In August 2013, after more than two years of discovery, the FTC filed a formal complaint against LabMD alleging that the company had failed to adequately protect sensitive personal data including healthcare information. The complaint alleged that LabMD had exposed data on close to 10,000 consumers in two separate incidents.

Similar administrative action by the FTC have forced numerous companies into costly settlements over the past few years.

In 2006 for instance, the FTC imposed a $10 million fine on data aggregator ChoicePoint, and more recently, online gaming company RockYou paid $250,000 to settle data breach related charges.

Indeed, the complaint against LabMD included a proposed order that would require the company to implement a comprehensive information security program and submit to third-party security evaluations every two years for the next 20 years.

In response, LabMD, assisted by Cause of Action (CoA) a non-profit watchdog group, challenged the FTC's authority to regulate data security practices.

In pleadings and later in a formal lawsuit filed in November, LabMD and CoA asserted that the FTC can't use a section of the FTC Act that prohibits "unfair" and "deceptive" practices, to go after companies that suffer data breaches. They accused the Commission of trying to hold companies to data security standards that do not formally exist.

They contended that Congress has not authorized the FTC to regulate data security practices, particularly those involving healthcare data.

"Despite the Commission's repeated requests, Congress has refused to confer upon the FTC jurisdiction over such data-security cases," CoA had noted in filing the lawsuit. "Therefore, in an end-run around both the courts and the Congress, the Commission illegally abuses and burdens individual businesses like LabMD."

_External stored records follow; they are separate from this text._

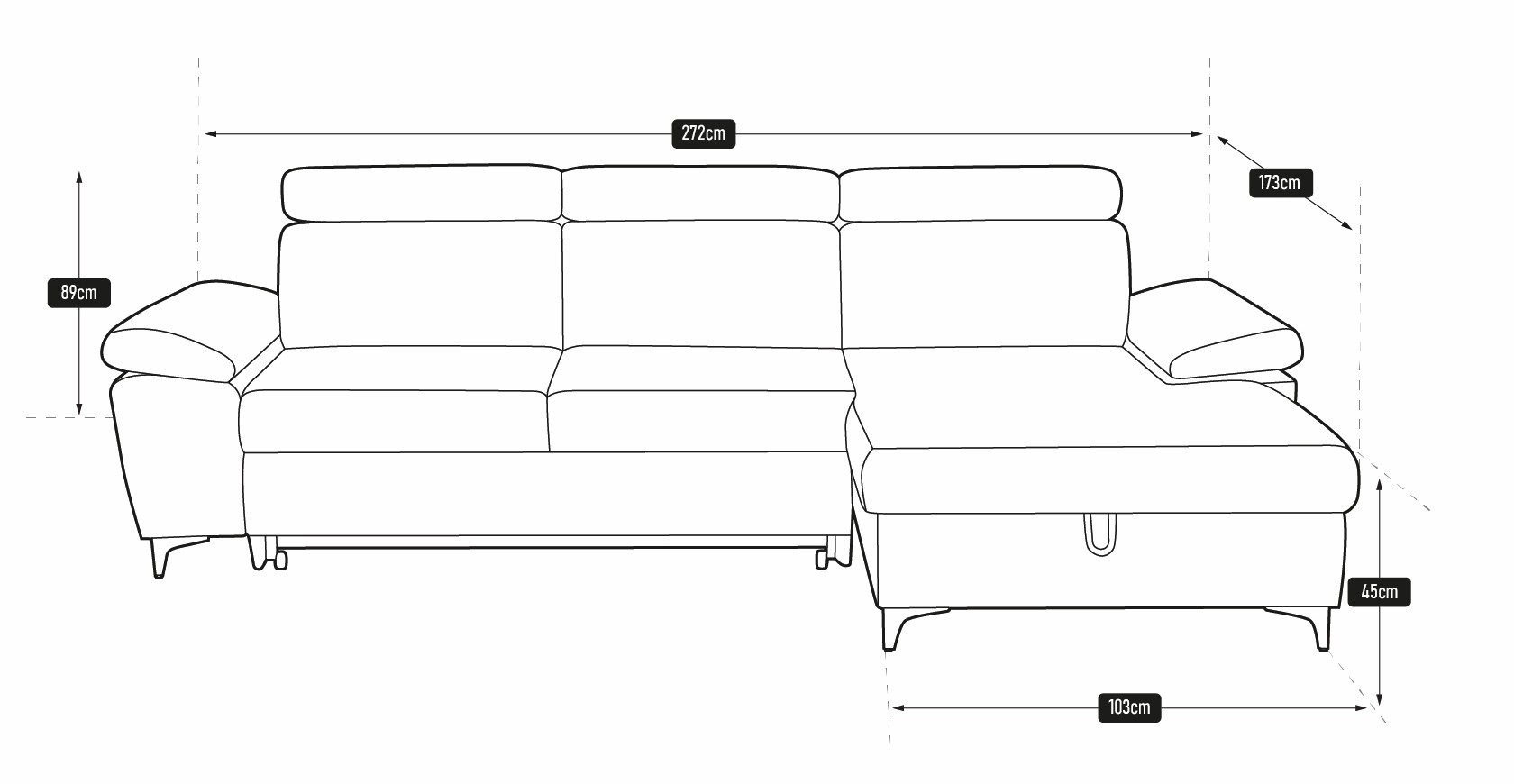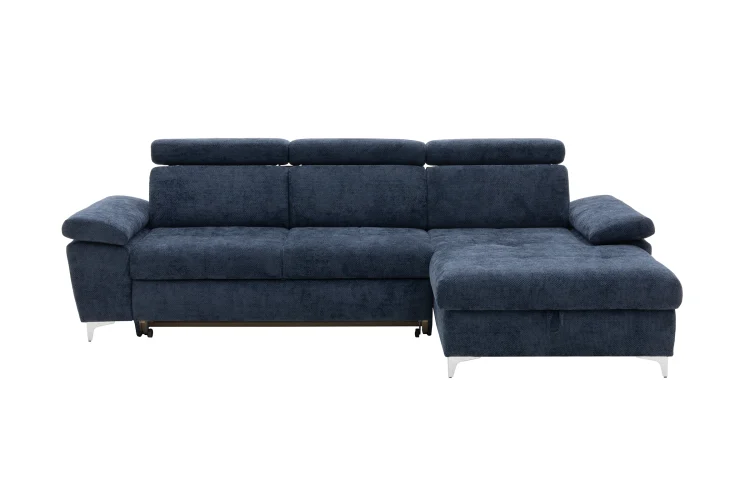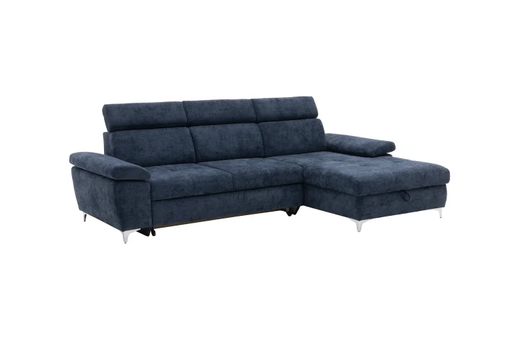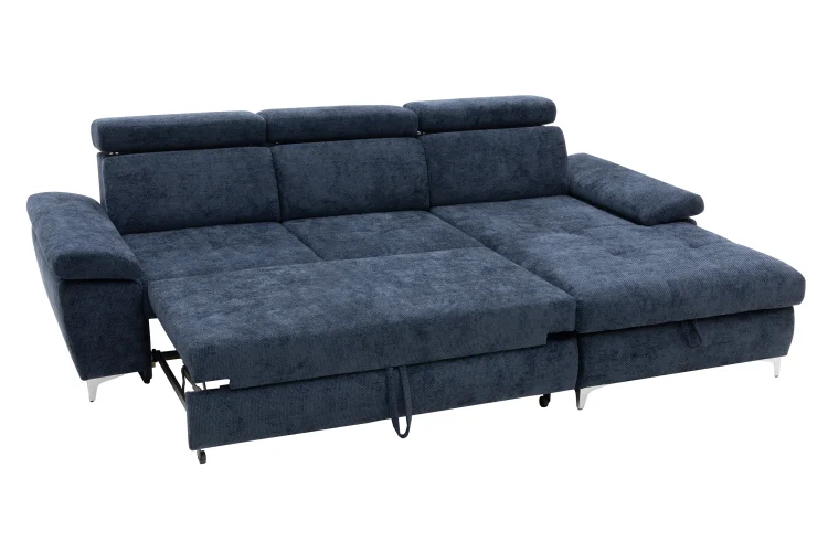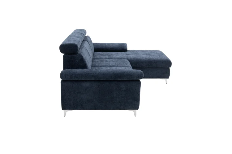 Tapicerowany elegancką tkaniną, doskonale wpisuje się w estetykę współczesnych wnętrz. Wyposażony w regulowane zagłówki, zapewnia indywidualne dopasowanie i wygodę podczas codziennego relaksu. Dzięki funkcji spania szybko zmienia się w komfortowe miejsce do nocnego wypoczynku, a pojemnik na pościel pozwala na sprytne przechowywanie dodatkowych tekstyliów. Smukłe chromowane nogi dodają lekkości i podkreślają nowoczesny charakter mebla.
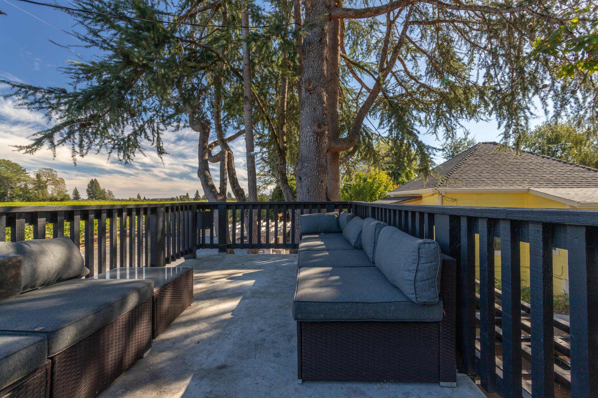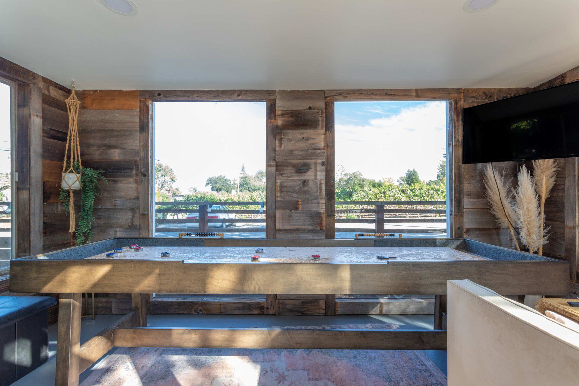 For fun, the game room features a full-sized shuffleboard. Head outside to the spacious front porch or the rooftop deck, where you can soak in panoramic vineyard views and enjoy the fresh Sonoma air. The Traeger pellet BBQ is ready for al fresco dining, making the outdoor space just as inviting as the indoors.
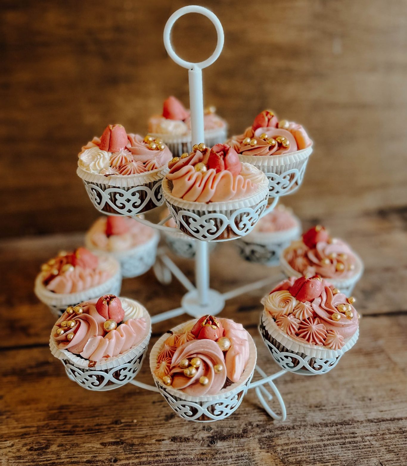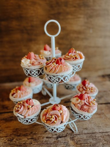 Gerne kannst du dir eine Cupcake-Etagere dafür ausleihen. Auf die Etagere passen 12 Cupcaks.
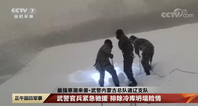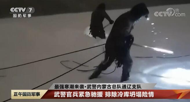 11月8日晚,內(nèi)蒙古通遼一農(nóng)副產(chǎn)品公司冷庫頂部積雪嚴(yán)重,一旦坍塌將嚴(yán)重威脅當(dāng)?shù)厝罕姲踩榈谝粫r(shí)間排除險(xiǎn)情,武警內(nèi)蒙古總隊(duì)通遼支隊(duì)迅速機(jī)動(dòng)至現(xiàn)場(chǎng),官兵們用吊車?yán)痄摻z繩,在冷庫棚頂清理積雪。經(jīng)過官兵們連續(xù)5小時(shí)的奮戰(zhàn),險(xiǎn)情被及時(shí)排除,確保了冷庫安全,挽回經(jīng)濟(jì)損失上億元。

Robert Schoshinski, assistant director at the FTC's division of privacy and identity protection, said the Commission could not comment because the administrative litigation is pending. But Jesse Rich, the director of the Bureau of Consumer Protection noted in a statement that FTC attorneys would determine how best to protect data that LabMD has collected over the years now that it has announced plans to cease operations.

"The goal in this case has always been to ensure that this sensitive information is appropriately protected," she said in the statement.

The LabMD case is one of two to challenge the FTC's enforcement authority in data security matters. Hotel chain Wyndam Worldwide Corp. filed a compliant in federal court raising issues identical to the ones raised by LabMD.